Trouble generating SeppReferenceDatabase qza

dethlefs · October 12, 2020, 9:59pm

Sorry for the slow reply. You're right that phylogenies made with short fragments are likely to be less accurate, and maybe downright misleading. With SEPP neither the output tree nor the reference tree is calculated de novo from short fragments...the topology of the tree is taken from the reference. In this case, it's a trimmed version the Silva 138 SSU 16S guide tree, which has a complicated history that I wouldn't be able to explain as well as the Silva folks, although it's derived from a full-length 16S maximum likelihood tree and has received expert curation from specialists in certain taxa.

Given that you have a reference tree that you want to use, and an alignment of the sequences associated with the leaves of that tree, SEPP's job is to make the best placement of new fragments into that tree. It has to align fragments to the existing alignment, and for that step having the reference alignment trimmed is helpful. While @Stefan and Siavash think alignment accuracy will be good for fragments against the full length alignment (and I generally agree), my experience with automated aligners in this context is that bases near the end of the fragment can get spread out to columns outside the intended region.

Imagine that a fragment has GCA for the first 3 bases, and the first 3 columns that we know to be appropriate (based on our PCR primers) are consistently GCC in the most similar reference seqs to that fragment. Imagine further that the triplet just prior to those columns in the similar reference seqs is GCA. The aligner doesn't know what PCR primers we used to obtain the fragments, and its mismatch and gap penalties might result in an optimal score when the fragment GCA is aligned just outside the appropriate area, with a gap spanning the next three columns. In effect, trimming the reference alignment is telling the aligner what we know about our PCR primers, in this example forcing it to chose GCA aligned to GCC with a mismatch inside the appropriate area of the reference alignment.

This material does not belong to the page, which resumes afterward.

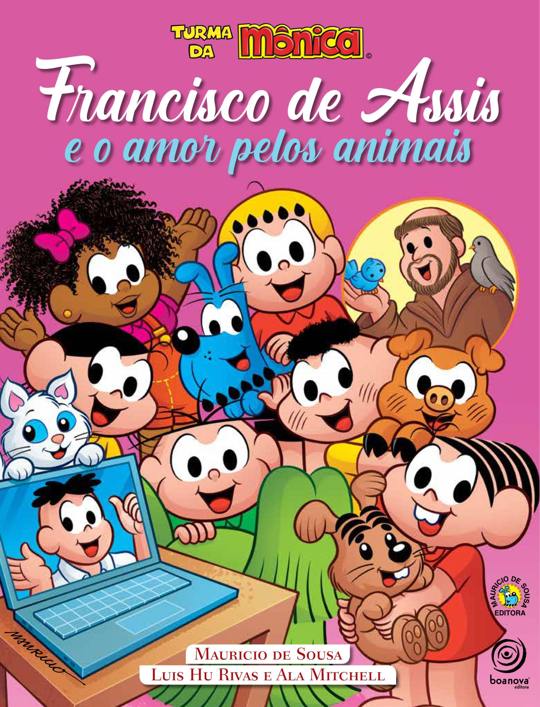Neste livro, a Turma da Mônica faz uma live com André, primo do Cascão, apresentando para as crianças as mais belas lições de Francisco de Assis, que todos podemos usar em nosso dia a dia. Francisco de Assis e o amor pelos animais traz lindas historinhas com nossos irmãos bichinhos, contadas de forma divertida com os personagens mais queridos do Brasil.

But that's not likely to have a huge impact since it will make a small difference in the alignment scores of probably a small number of fragments, which might or might not even affect their placement. @Stefan and Siavash point out the more important benefit for those lacking free access to supercomputers: if your aligner doesn't have to waste time for each fragment testing alignments that include the majority of columns outside the appropriate region, it can more quickly find the best alignment for each fragment within the appropriate region.

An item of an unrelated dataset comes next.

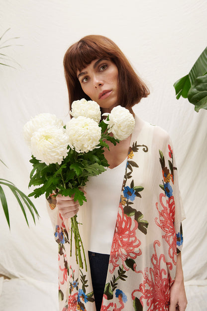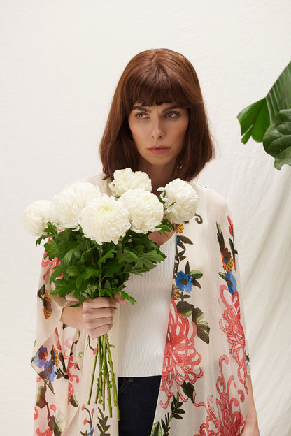 Our Chrysanthemum print celebrates the beauty of this elegant flower and its dazzling fuchsia pink florals! Perfect for the summer months, this joyous floral print is perfect for pairing with a pink accessory, shoes, or lipstick!

I've glossed over some steps...prior to fragment placement, the Silva guide tree (and perhaps most big reference trees) will have to have polytomies cleaned up, and the branch lengths of the guide tree will have to be re-estimated, along with the evolutionary parameters that go into maximum likelihood modeling of the phylogeny. I suppose if someone were to use the SEPP output tree to make branch length dependent arguments about something or other, or treat the associated ML evolutionary parameters as precise estimates, that could be bad. (And would be foolish.)

But usually, all we want is the most likely placement of our fragments into a tree topology that we trust (or at least are familiar with). I'd argue that the re-estimated branch lengths and parameters (following trimming) provide the best chance of getting the fragments placed accurately on the fixed-topology tree (because they're the best estimates for fragment alignment columns), even if estimates of average mutation rates and transition probabilities etc. are expected to be more precise when using longer sequences.

Regards,
Les

P.S. I haven't forgotten about sharing my work...still haven't gotten around to generating a README file, but I hope to soon.